Michele Dunne, Senior Associate at the Carnegie Endowment for International Peace.

Two major factors will likely shape Abdel Fattah el-Sisi’s foreign policies in the short term. The first is his fight against the Muslim Brotherhood as well as extremist groups based in the Sinai, and the second is an unprecedented economic dependence on Saudi Arabia. The two factors are linked, due to a convergence of interests between the Egyptian military and the Gulf states. Sisi needs the Gulf’s financial support to strengthen Egypt’s faltering economy and bolster his position vis-à-vis the Brotherhood. The Gulf needs Sisi to defeat the Brotherhood, hoping that will stave off political agitation by Brotherhood-affiliated groups in their own countries.

Egypt has relied increasingly on Gulf economic assistance since the 2011 uprising, as the government spent its reserves in order to sustain high social spending and support the Egyptian currency amid the political turmoil that followed Mubarak’s removal. In the first 18 months of the transition, during which the Supreme Council of the Armed Forces (SCAF) held control, Egypt received only about $2.3 billion in assistance from Gulf States (Saudi Arabia, Qatar, Kuwait) despite pledges of at least $7 billion. During the Morsi presidency, Qatar stepped up to provide some $8 billion in grants and soft loans, a fact that provoked widespread concern and satire in Egypt about dependence on Gulf assistance. 

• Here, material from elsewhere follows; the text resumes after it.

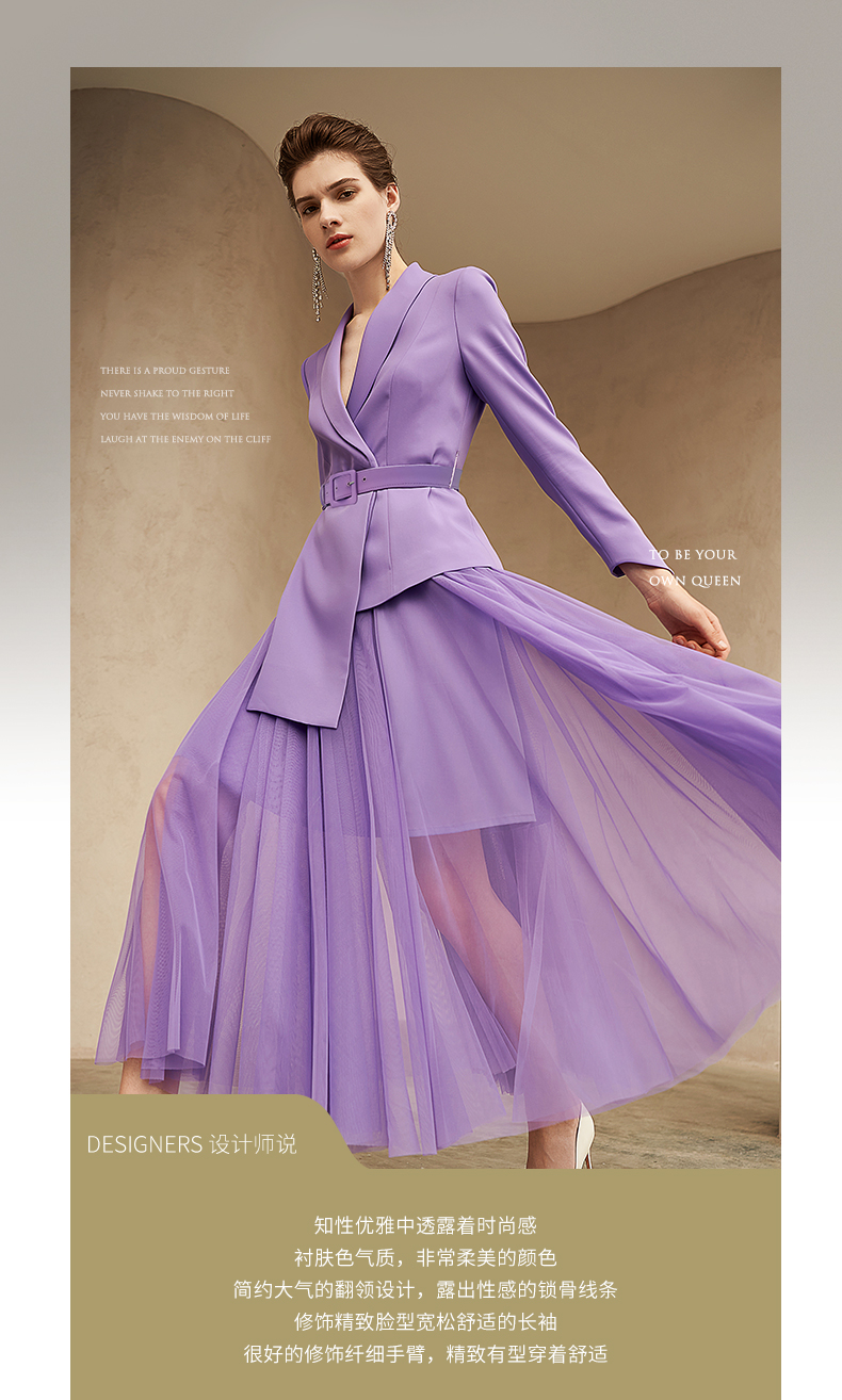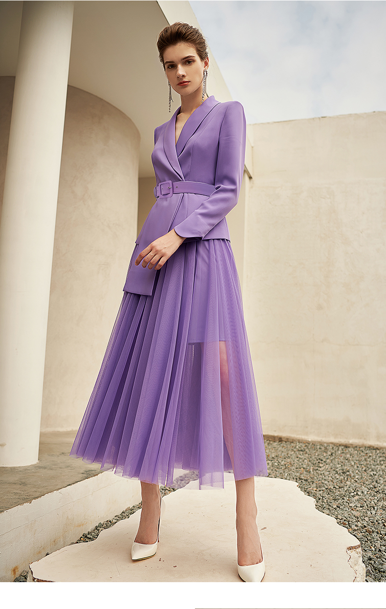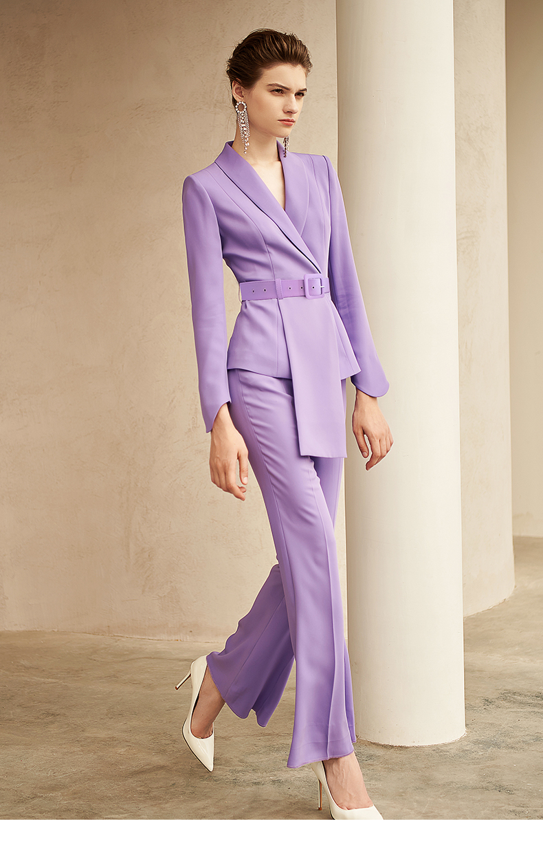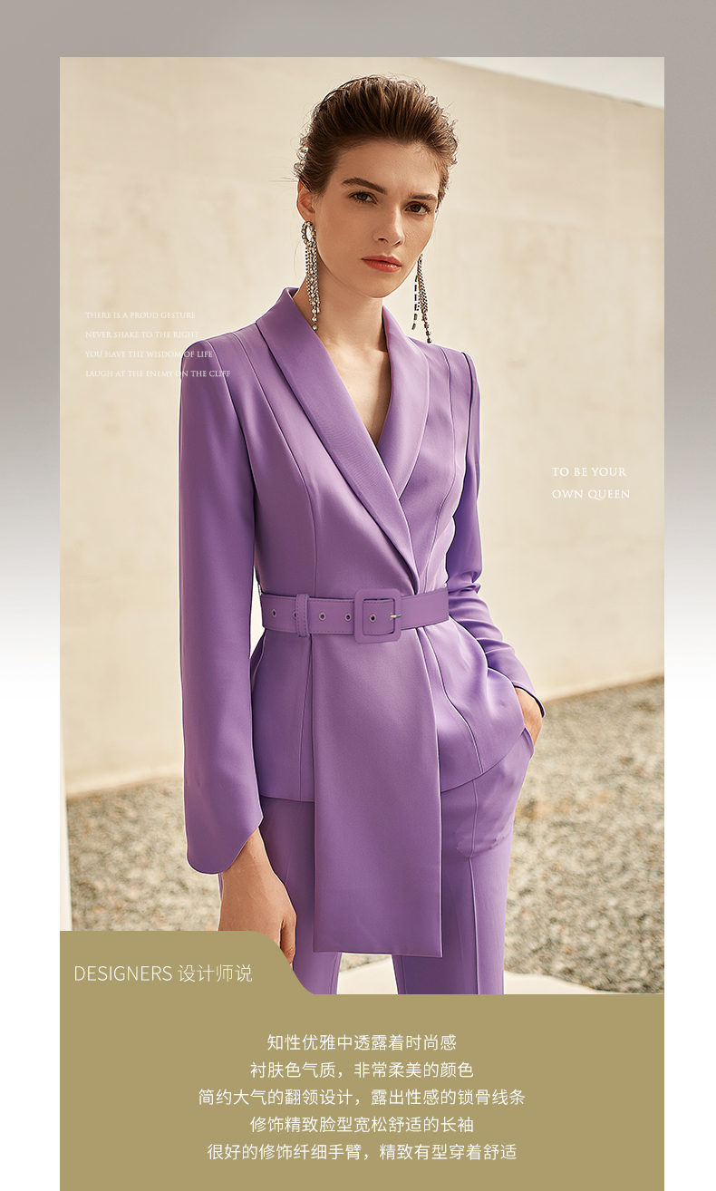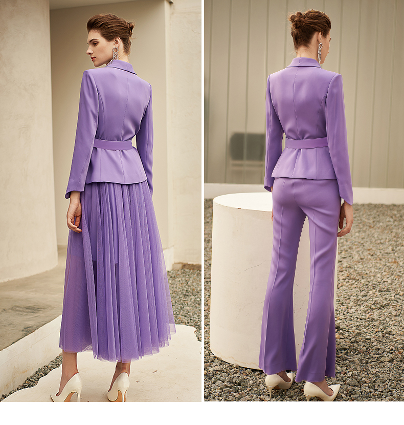 春秋高端时尚收腰紫色西服女微喇裤气质绑带西装名媛纱裙套装洋气
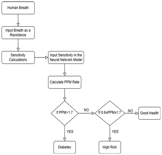 Our process started with capturing simulated human breath, which was evaluated for acetone concentration based on sensor resistance values. Diabetic patients typically have more acetone in their breath, while non-diabetic individuals have much less acetone. Based on these resistance measurements, the system calculated the sensitivity and determined the PPM (parts per million) of acetone from this data. Then, our model followed a sequence to classify patients: if the PPM is above 1.7, the patient was classified as diabetic; if the PPM is between 0.8 and 1.7, the patient was considered at high risk; and if the PPM is below 0.8, the patient was classified as in good health [21,22,23].

Since Morsi’s ouster in July 2013, Qatar is out as Egypt’s patron, and Saudi Arabia, the UAE, and Kuwait are very much in, a trend that seems likely to accelerate during a Sisi presidency. By early 2014, the military-backed government had received some $12 billion in various forms of assistance (including cash, petroleum, projects, and Central Bank deposits to support the Egyptian pound) from the three countries, with much more expected to arrive soon. In fact, the key initiatives of Sisi’s campaign to emerge so far are Gulf-financed economic megaprojects (one in housing, another in development of the Suez Canal zone) with extensive military involvement. There is every indication that Sisi will continue to depend on infusions of cash and/or energy of roughly $2 billion per month from the Gulf in order to keep his government afloat and minimize the country’s ongoing energy crisis.

So, how will President Sisi’s heavy and unprecedented dependence on Gulf assistance affect his foreign policies? 

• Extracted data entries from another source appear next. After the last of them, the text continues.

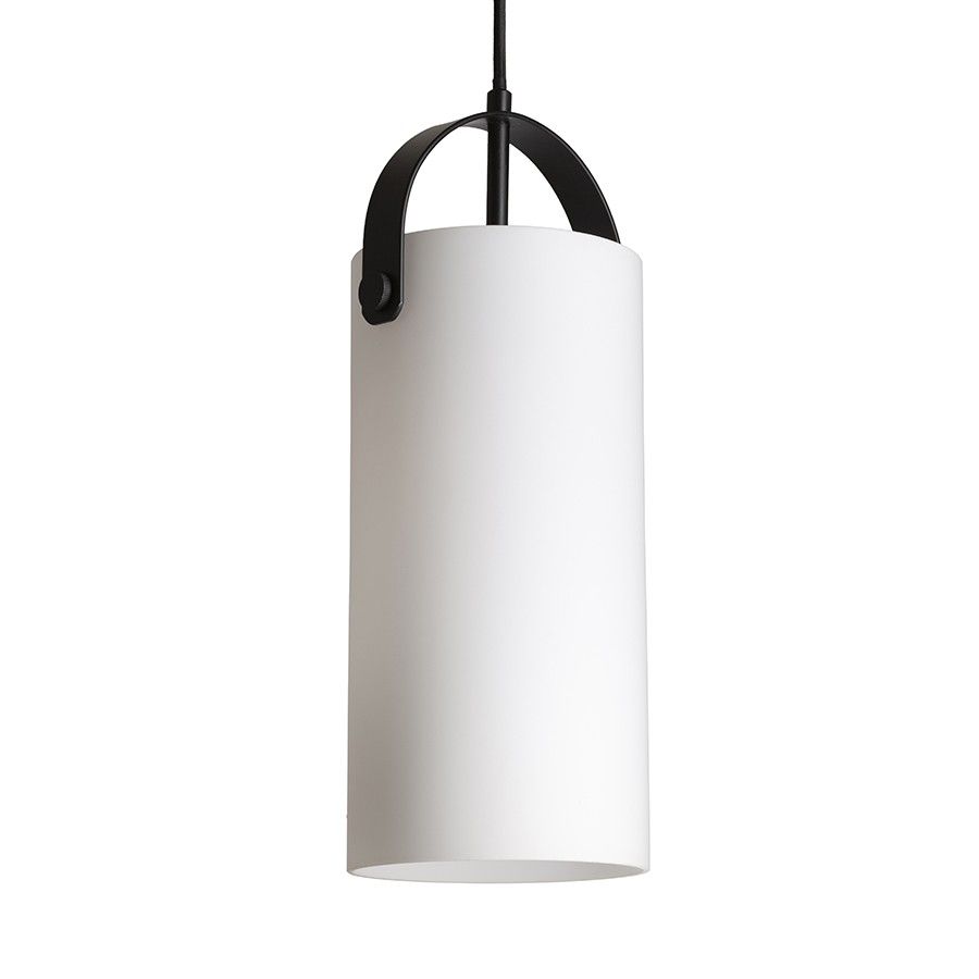 Függő design lámpatest opál hengeres üveggel. Festett fém elemekkel, fekete textil kábellel.
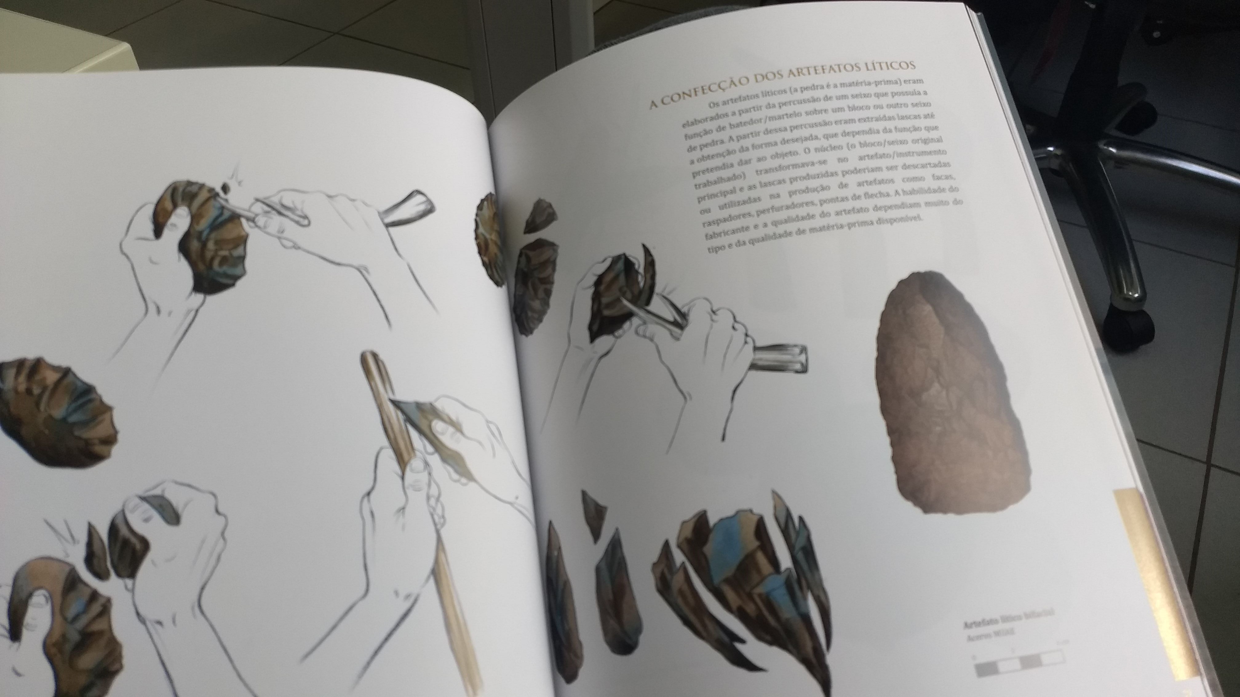 Ilustração de ferramentas e utensílios pré-históricos encontrados no RS
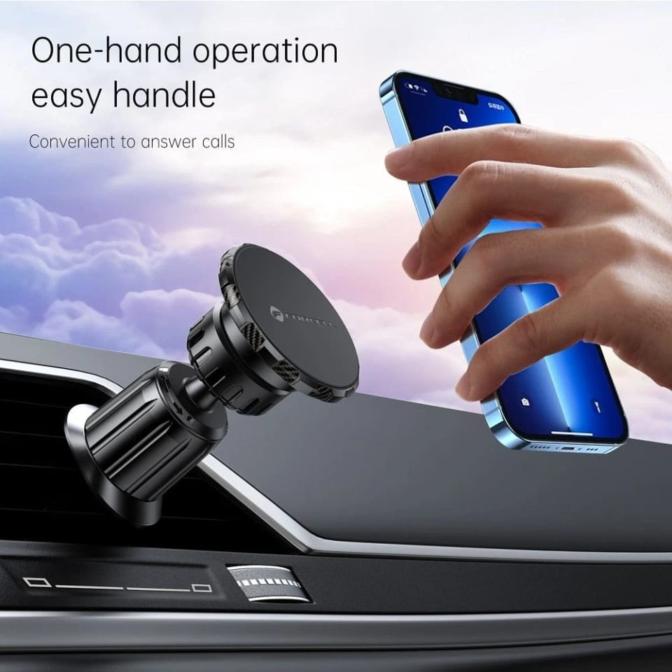 Wyposażony w mocne magnesy, uchwyt stabilnie utrzymuje telefon nawet na wyboistych drogach. W zestawie znajdują się dwie metalowe blaszki, które umożliwiają montaż także urządzeń bez wbudowanej funkcji MagSafe.
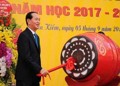 Chủ tịch nước đánh trống khai giảng năm học mới. Ảnh: Giáo dục thời đại
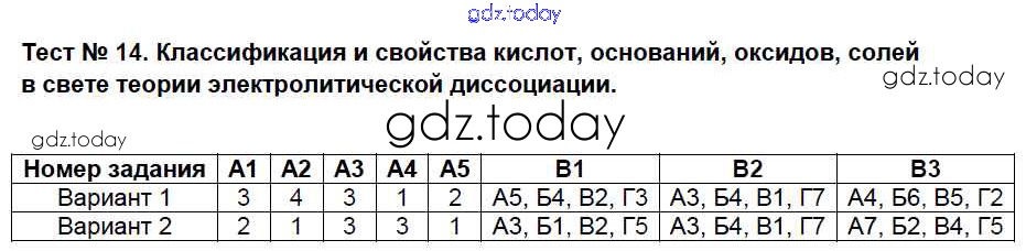 На страницах сайта gdz.today вы найдете учебный и вспомогательный материал, направленный на улучшения знаний школьной программы. ГДЗ - онлайн мир знаний Решение к тестам 14 Контрольно-измерительным материалам (КИМ) по Химии для 8 класса Троегубова, Стрельникова ВАКО 2018

Already there has been one indication that Cairo will not be able to stray far from policy lines delineated by Riyadh while this high level of economic dependence continues. When Sisi first deposed Morsi, the transitional government quickly moved away from Morsi’s support for the Syrian revolution and adopted a different approach, saying it would no longer support “jihad” in Syria and notably targeting Syrian refugees in Egypt as potentially dangerous subversives. By the time of the Arab summit in March 2014, the Egyptian government quietly brought its position on Syria more into line with its Gulf allies, noting its ongoing “contacts” with the Syrian opposition and the Gulf states. 

The great unknown about Egyptian foreign policy remains whether relations with the United States will deteriorate, limp along, or strengthen during a Sisi presidency. The United States has its reservations about Egypt’s current course but would like to find a way to sustain relations, and Sisi presumably would like to restore suspended U.S. military assistance in order to keep his generals happy. But Saudi Arabia not only offered to replace U.S. military assistance but apparently also to finance arms purchased from Russia. Thus Egypt is becoming a pawn in the tense relations among Washington, Moscow, and Riyadh.

In his brief speech announcing his presidential bid, Sisi sounded well-worn themes about foreign policy including the need to restore Egypt’s “strength, power, and influence” in the world and its rejection of foreign meddling (“Egypt is not a playground for any internal, regional, or international party and it never will be”). But in a moment of candor, he also hinted that this high level of dependence on the Gulf cannot and should not be sustained, saying, “Egypt is a country rich in its resources and people, yet it relies on donations and assistance. This is not acceptable…” 

It remains to be seen whether Sisi will undertake the internal reconciliation and courageous political and economic decisions that would allow Egypt to move beyond such dependence.